START EXTRACTED RECORDS

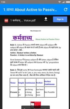 Active voice and passive voice notes for all competitive exams liks ssc cgl, ssc CHSL, Banking , police jobs and other government jobs in Hindi with example and practical. In this android application you find the basic rules of changing voice of sentence. In most English sentences with an action verb, the subject performs the action denoted by the verb. These examples show that the subject is doing the verb's action. Because the subject does or "acts upon" the verb in such sentences, the sentences are said to be in the active voice.
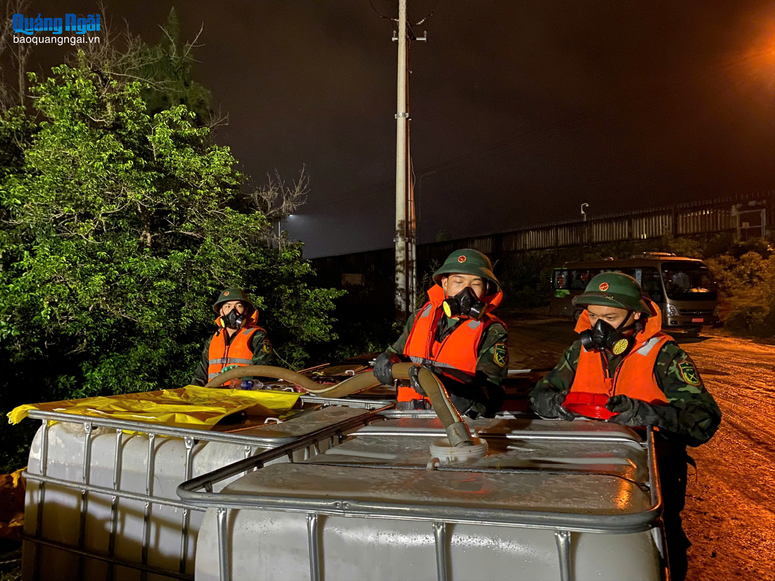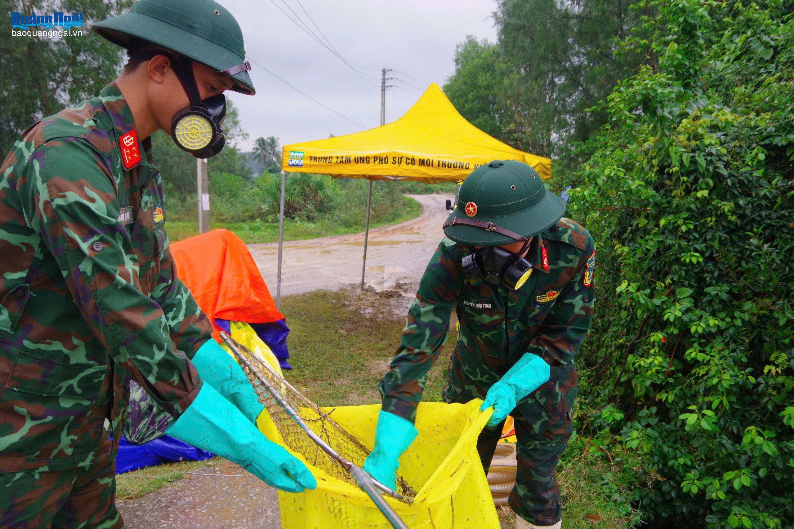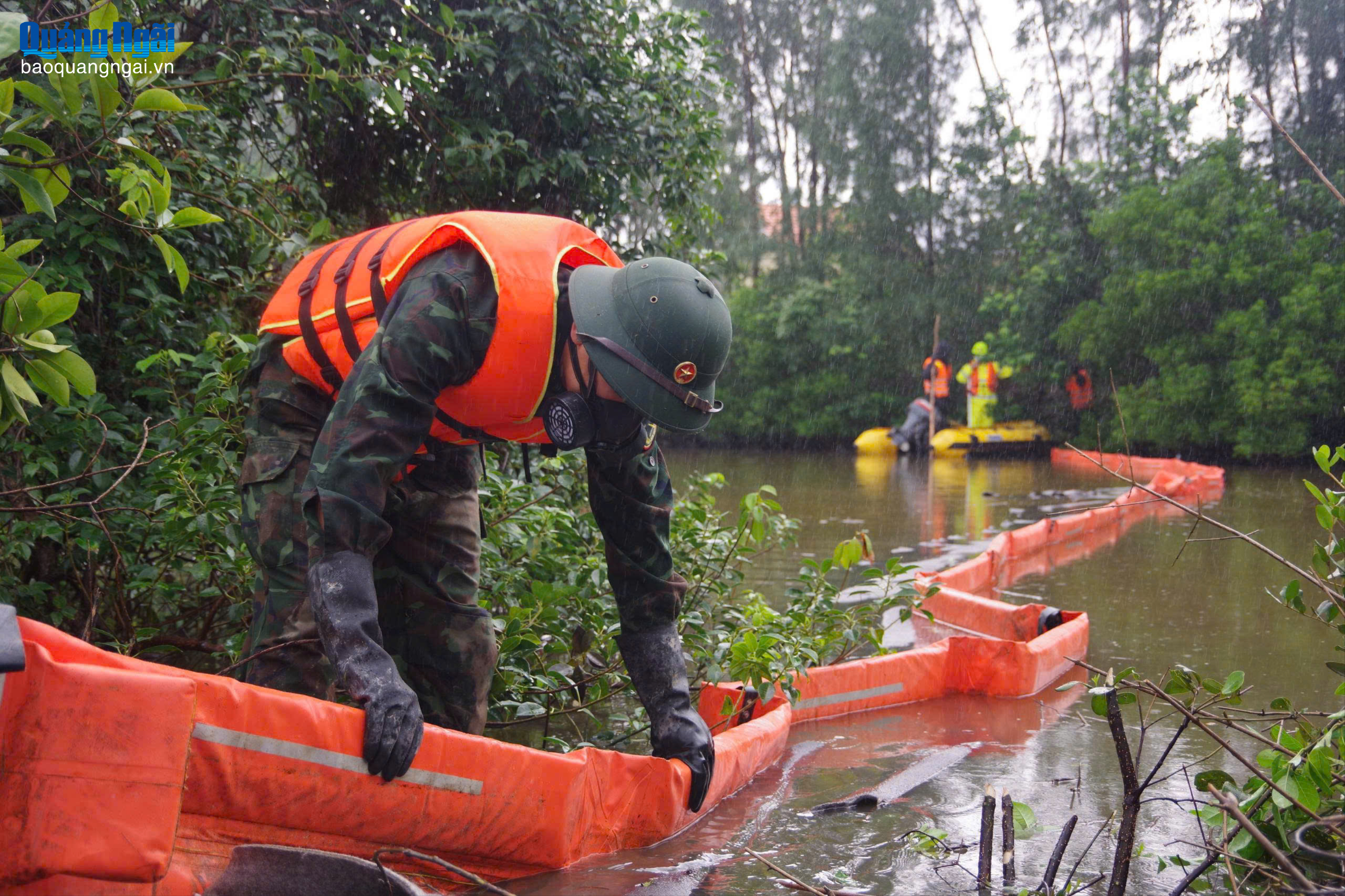 Khu vực có dầu nổi trên mặt nước tại sông Bàu Cá Cái, sông Đầm và các đoạn kênh, mương, ruộng sâu, bộ đội dùng phao gom dầu khoanh vùng khép kín. Sau đó dùng xuồng máy cao su để thu hẹp diện tích phao nhằm rút ngắn phạm vi dầu lan. Đồng thời phối hợp với PTSC Quảng Ngãi sử dụng máy chuyên dụng để thu gom dầu nổi trên mặt nước.
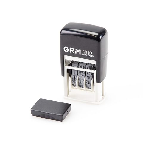 Мини-датер, месяц кириллицей. Прочный пластиковый корпус с автоматическим окрашиванием. Установка даты поворотом колёсиков, сменная подушка синего цвета.
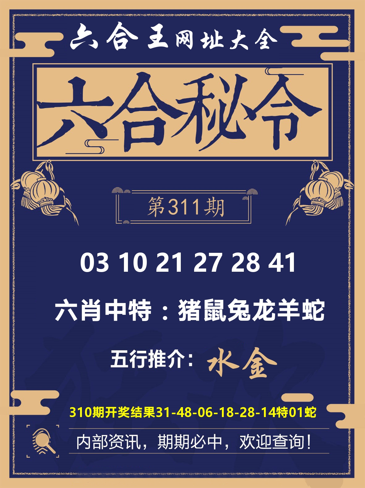 解:金屋藏娇定富贵,金屋是猴鸡。藏娇,是女肖兔、蛇、羊、鸡、猪,开猪31
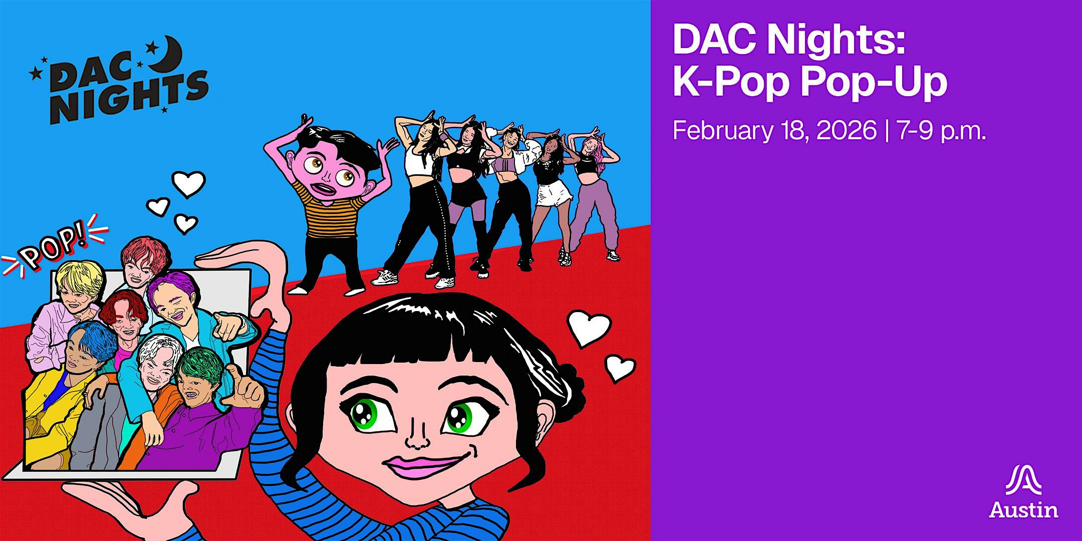 by admin12Feb DAC Nights: K-Pop Pop-Up at Dougherty Arts Center – Austin, TX DAC Nights: K-Pop Pop-Up at Dougherty Arts Center – Austin, TX 4 4 people viewed this event. Learn your favorite K-Pop dances and make your own decorated pop-up photocards! Tickets-RSVP Link Date And Time Thursday, February 19th, 2026 01:00 AM (PST) Venue Dougherty Arts Center Location 1110 Barton Springs Road, Austin, TX 78704 Event Types Party or Social GatheringPerforming & Visual Arts Event Category AustinTexas Share With Friends Facebook Twitter Linkedin Xing Pinterest Share This Post:
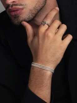 Nialaya Men’s Ceramic Flatbead Bracelet In Blue And Sterling Silver
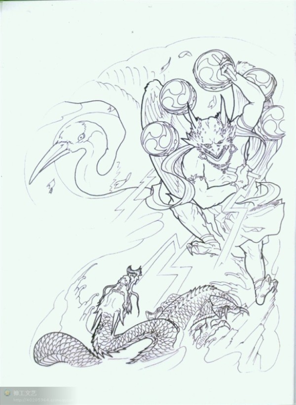 龙纹身手稿_一组老传统黑灰龙手稿纹身图案
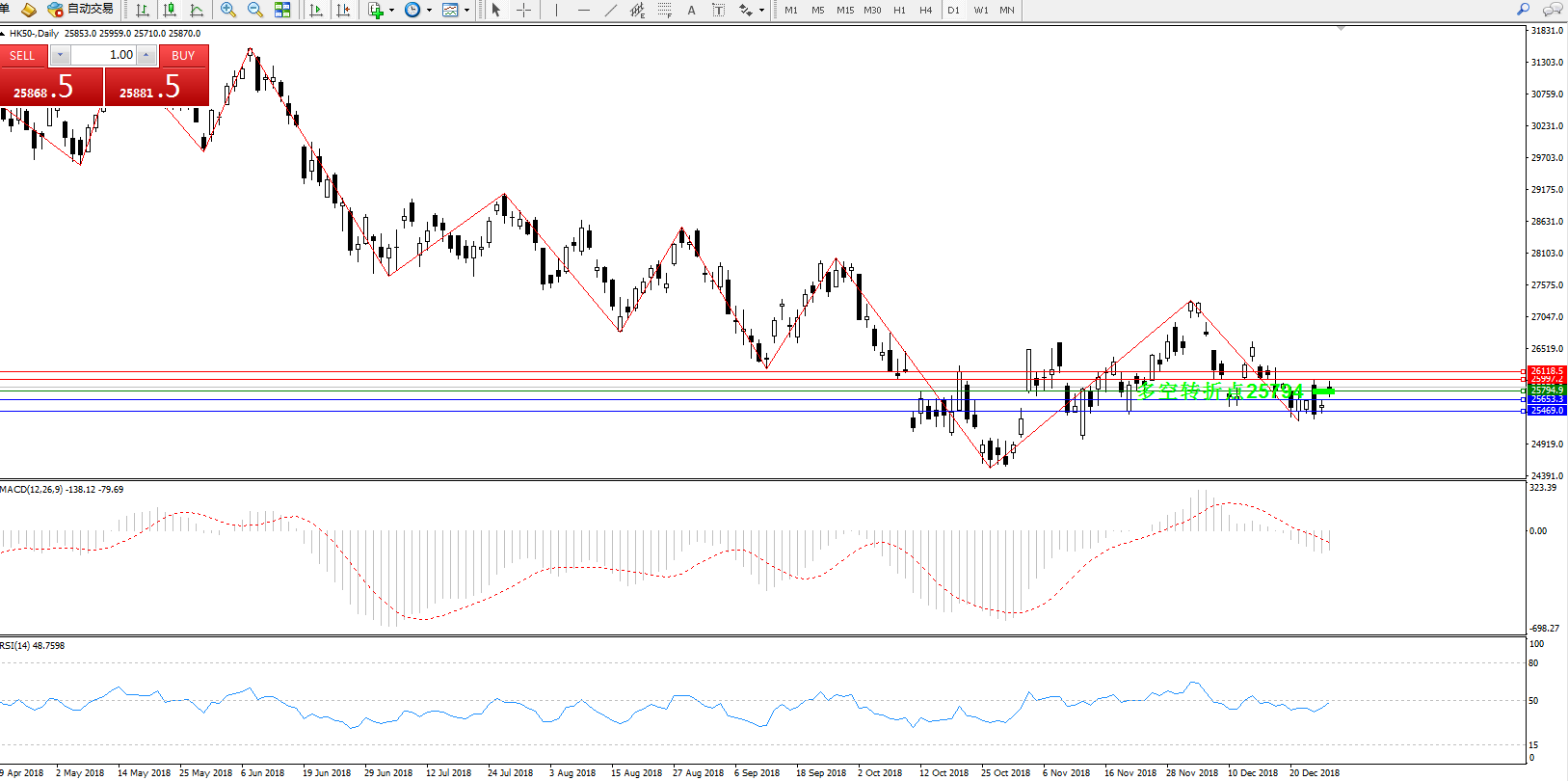 香港股市周一收高逾1%,受到围绕中美贸易关系的乐观情绪以及科技股上涨推动。但2018年整体表现疲弱。恒生指数 .HSI 收高1.3%25,845.70点;恒生国企指数 .HSCE 亦上涨1.3%。港股下午因新年前夕提前休市。美中关系在新年到来之际似乎有所缓和。美国总统特朗普在推特上发文称,他与中国国家主席习近平进行了“非常好的电话长谈”,美国与中国之间正朝着可能达成贸易协议取得很大进展。
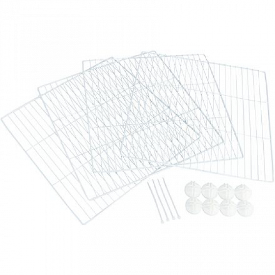 a csomag 4 darab 35 × 35 cm-es drótmezőt tartalmaz, a rögzítő tartozékokkal együtt

END EXTRACTED RECORDS

_INSTRUCTIONS TO FOLLOW:_
Only an exact copy of the lines from the one with "Nialaya Men’s Ceramic" through the last line of the data above is wanted, and no pictures.

_ANSWER AREA:_
 Nialaya Men’s Ceramic Flatbead Bracelet In Blue And Sterling Silver
 龙纹身手稿_一组老传统黑灰龙手稿纹身图案
 香港股市周一收高逾1%,受到围绕中美贸易关系的乐观情绪以及科技股上涨推动。但2018年整体表现疲弱。恒生指数 .HSI 收高1.3%25,845.70点;恒生国企指数 .HSCE 亦上涨1.3%。港股下午因新年前夕提前休市。美中关系在新年到来之际似乎有所缓和。美国总统特朗普在推特上发文称,他与中国国家主席习近平进行了“非常好的电话长谈”,美国与中国之间正朝着可能达成贸易协议取得很大进展。
 a csomag 4 darab 35 × 35 cm-es drótmezőt tartalmaz, a rögzítő tartozékokkal együtt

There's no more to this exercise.